Careful exploration of open versus closed rDNA have been performed previously (see Wittner et al., Cell, 2011). We could observed that open/closed fraction depends on genetic background as shown below for BY 4741 strain. After 11 days of culture (stationary phase) the ratio of open to closed chromatin is rather 40/60 when compared to exponentially grown cells (50/50).

 

 

 

• Figure 5 shows that UPS levels are very low in a low-copy rDNA strain, suggesting that these transcripts are produced from the closed repeats. Timecourse experiments suggest that UPS levels and +1 TSS RNA levels anticorrelate upon growth in stationary phase and release. The authors suggest that UPS levels are therefore derived from the closed repeats. This argument is a bit indirect as the authors also discuss later that it cannot be excluded that these UPS levels are generated for example during the conversion of a repeat from a closed to an open state.
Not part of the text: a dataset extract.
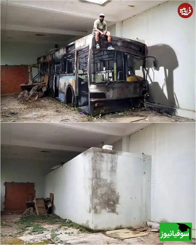 اتوبوس سوخته: این اتوبوس بدون شک دیر کرده است! انگار یک حجم فلزی سنگین در اتاق قرار دارد، اما در واقع فقط یک نقاشی هوشمندانه است. اودیت از گوشه اتاق برای ایجاد شکل سهبعدی استفاده کرده است.

To get more functional insights into the role of UPS in regulating rDNA chromatin state, the authors could repeat the growth arrest and release experiment in the rat1-1 or rpb4 delta backgrounds where the authors show a massive up or down regulation of UPS. It will be interesting to see what effect this has on the opening and closing of rDNA repeats (for example by psoralen assays). 

 

We agree with reviewers comments. However, growth arrest following starvation, and stationary exit is difficult to reproduce in wild-type cells (see high error bar in experiments presented in Figure 5C and Figure 5D). rpb4∆ and rpb1-1 mutants present clear growth defect in exponentially growing cells, making such experiment very difficult to control. We have ,not perform such experiment.

 

Minor comments: • Figure 2 shows convincingly that UPS are unstable lncRNAs degraded by Xrn1 and mostly Rat1 5’-3’ exoribonucleases. The primer extension analysis shows clearly 5’ extended transcripts at -11 and -42 position in the rat1 mutant background. Can the authors remove the false-color in the blot? I understand the authors wanted to show the overexposure situation for the +1 TSS, but I don’t think is necessary/crucial. •

 

We have removed false-color, and saturation is now mentioned in figure legend.

 

 Line 83. Check this sentence: “If the function of those transcripts remains elusive, they were instrumental to explore RNAPI activity.” 

 

We modified this sentence.

 

 

Author Response File: Author Response.docx

Round 2

Reviewer 1 Report

Dear authors, thank you for your replies and clarifications. Congratulations on a beautiful paper!

Author Response

We want to thanks reviewers for their very positive and constructive comments, that have improved our manuscript.